AIM: To determine the effect of cinnamon on fasting blood glucose, hemoglobin (Hb) A1c, and oxidative stress markers in poorly controlled type 2 diabetes. PATIENTS AND METHODS: A total of 25 type 2 diabetic patients of both sexes, aged 49.1 ± 6.0, treated only with hypoglycemic agent sulfonylurea (glibenclamide) were randomly assigned to receive either 1 g of cinnamon or placebo daily for 12 weeks.
RESULTS: A highly significant (P ≤ 0.001) reduction (10.12%) of fasting blood glucose level after 6 and 12 weeks of treatment 10.12% and 17.4%, respectively, compared to baseline value and to placebo group at corresponding duration. Meanwhile, the value of glycosylated Hb reduced in cinnamon treated group by (2.625%) and (8.25%) after 6 and 12 weeks, respectively, although this reduction was non-significant compared to baseline value. Concerning the oxidative stress markers, the level of serum glutathione showed highly significant (P ≤ 0.001) elevation after 12 weeks as compared to baseline value and placebo group at corresponding duration, malondialdehyde serum level decreased after treatment of diabetic patients with cinnamon resulted in highly significant (P ≤ 0.001) reduction after 6 and 12 weeks compared to placebo group, but when compared to baseline value, there is a (15%) reduction only after 12 weeks of treatment which was considered highly significant (P ≤ 0.001) change, Finally, administration of cinnamon to diabetic patients for 12 weeks resulted in significant (P ≤ 0.05) elevation of superoxide dismutase level.
CONCLUSION: Intake of 1 g of cinnamon for 12 weeks reduces fasting blood glucose and glycosylated Hb among poorly controlled type 2 diabetes patients, as well as, there is improvement in the oxidative stress markers, indicating the beneficial effect of adjuvant cinnamon as anti-diabetic and antioxidant along with conventional medications to treat poorly controlled type 2 diabetes mellitus.

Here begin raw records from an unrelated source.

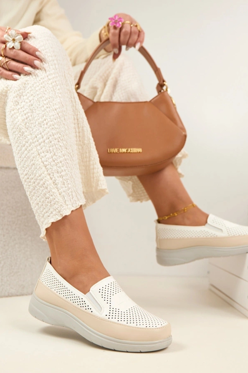 Weiße beige durchbrochene Halbschuhe Aurelle
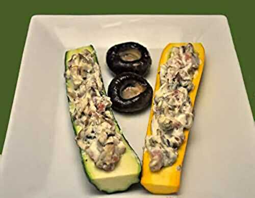 Mushroom & Bacon Stuffed Zucchini, with soft Goat Cheese and Garlic Mushroom Caps
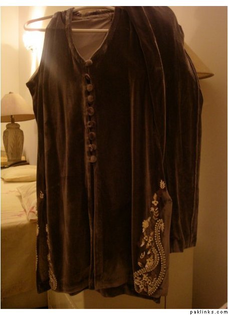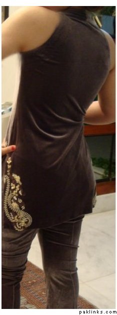 this is a very pretty charcoalish grey halterneck top with long fitted pants. Both are in velvet and the shirt has light embrodiery,
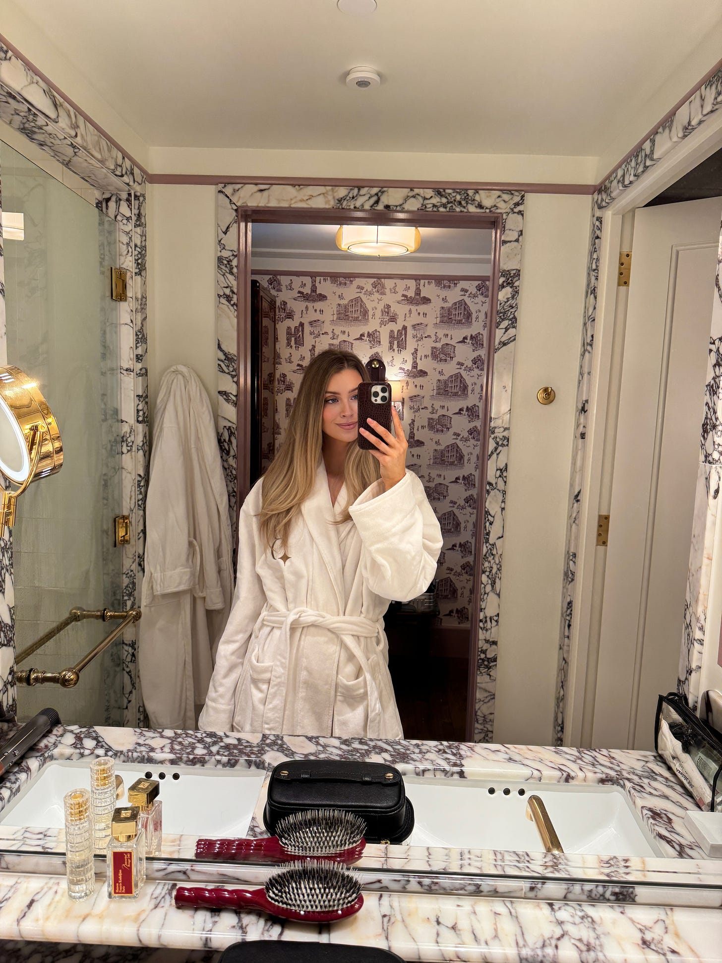 So when Valentine’s Day came around this year and both my husband and I were drowning in work, I had my sights set on a romantic staycation—a quick, easy escape. Instead, he gave me something more special: the essence of Paris, right in our own backyard, by booking us a stay at Fouquet’s New York. More than just a luxury hotel, Fouquet’s is a piece of Paris itself. Established on the Champs-Élysées in 1899, it’s long been synonymous with timeless luxury, French refinement, and impeccable hospitality. Their New York outpost opened in 2022, bringing that same storied heritage across the Atlantic. Since then, it’s earned two Michelin Keys (an Exceptional Stay) and a top spot on my NYC hotel hit list.
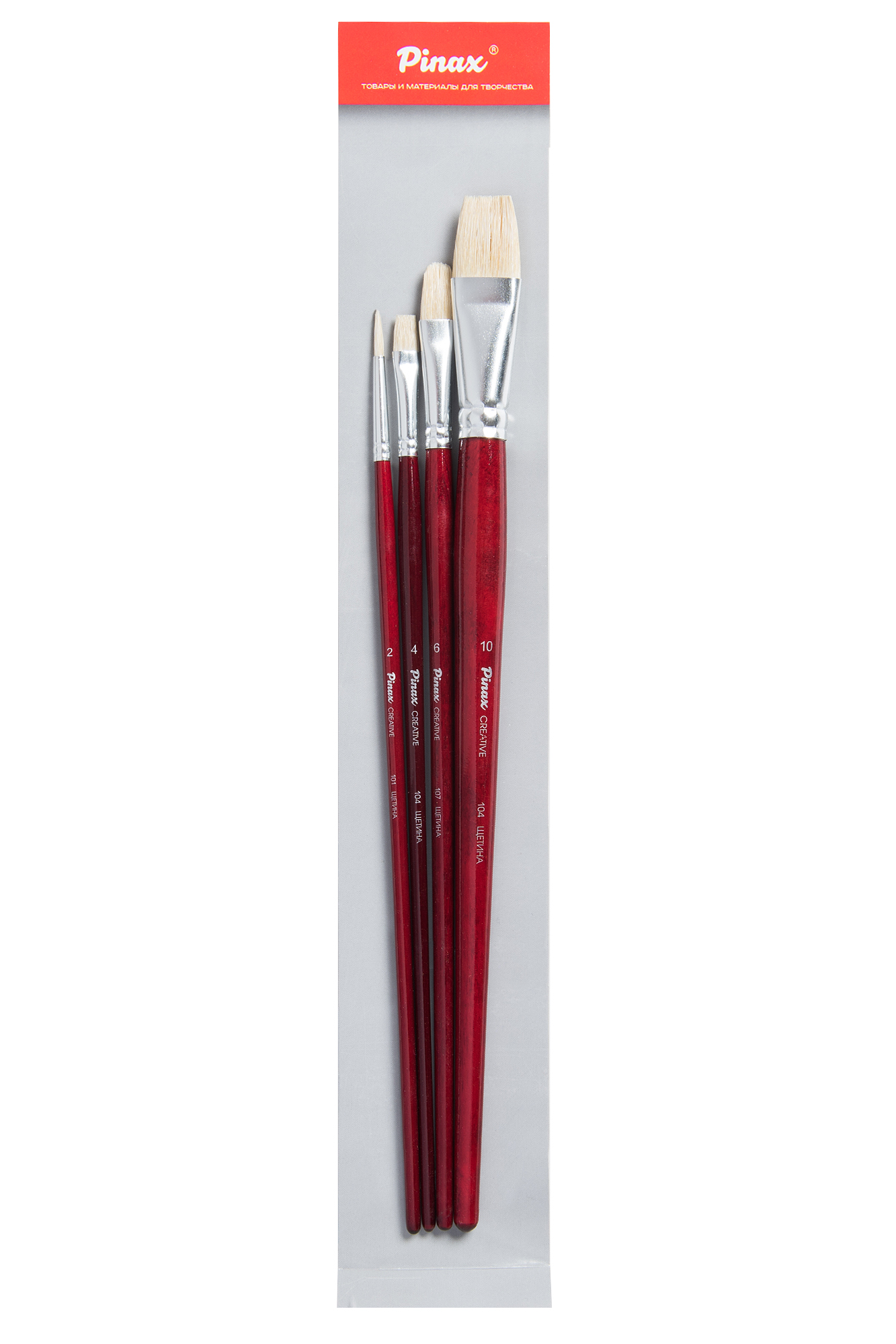 Комплектация: в данный набор входит 4 кисти серии «Creative» из щетины (круглая №2, овальная №6, плоские №4 и 10) Характеристика: кисти этой серии изготавливаются из щетины Chunking. Для формирования пучка кисти использовано большее количество расщепленных волосков, благодаря этому кисти набирают большее количество краски и с легкостью ее переносят на поверхность работы. Кисти выполнены на ручке, которая покрыта полупрозрачным глянцевым лаком. Применение: кисти этой серии подойдут для профессионального и для любительского использования. Они подходят для выполнения работ акрилом, маслом или гуашью. Кисти такой формы удобны для окрашивания больших площадей. Производство: данный товар представлен брендом Pinax. Pinax — мировой бренд товаров, который представлен на российском рынке с начала XXI века. Изначально компания производила только кисти для художественных работ, но затем расширила свое производство и не потеряв качество своей продукции начала производить холсты, мольберты и аксессуары для художников. Сейчас ассортимент включает в себя большое количество наименований.

RCT Entities:   Population Interventions Outcomes

INTRODUCTION

Type 2 diabetes mellitus (T2DM) is one of the most prevalent diseases worldwide and in Iraq, The WHO estimates a prevalence of 347 million people with diabetes worldwide in 2013 [1]. The prevalence is expected to double between 2005 and 2030 and the greater proportion of this increase would be in the low to middle-income countries of Asia, Africa and South America [2]. Despite advances in methods of diagnosis and treatment protocols, poorly controlled T2DM responsible for high incidence of morbidity that extensively disturbed the quality of life in addition to high expenditures each year [3]. Understanding of mechanisms underlies the pathogenesis of disease enable better targeting of changes that led to good glycemic control and improvement in overall outcomes.

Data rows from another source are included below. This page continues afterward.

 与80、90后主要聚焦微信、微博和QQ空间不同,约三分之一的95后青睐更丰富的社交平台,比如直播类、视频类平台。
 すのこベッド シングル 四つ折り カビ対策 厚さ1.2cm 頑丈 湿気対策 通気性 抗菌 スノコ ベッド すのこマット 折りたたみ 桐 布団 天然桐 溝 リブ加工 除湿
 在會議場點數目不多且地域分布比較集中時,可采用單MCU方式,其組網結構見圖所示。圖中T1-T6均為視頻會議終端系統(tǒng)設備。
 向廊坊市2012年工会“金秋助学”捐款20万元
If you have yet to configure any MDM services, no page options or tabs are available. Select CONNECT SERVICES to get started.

Oxidative stress is the loss of the normal balance between prooxidants and antioxidants represent important implicated mechanism in the pathogenesis of diabetic complications [4], patients with type 2 diabetes are vulnerable to increase oxidative stress due to the excessive production of free radicals especially reactive oxygen species (ROS) and impaired antioxidant defense mechanism [5]. Poorly glycemic control leads to hyperglycemia which results in increased production of ROS which causes membrane damage due to peroxidation of membrane lipids and protein glycation [6]; for this reason, the targeting of oxidative stress is necessary in diabetic patients. Many studies have shown that the use of antioxidants, as well as herbal agents, might help control the oxidative stress [7]. The use of herbal medicinal plants especially those used in folk medicine for the treatment of diabetes is common in Iraqi diabetic patients, among these, the use of cinnamon [8].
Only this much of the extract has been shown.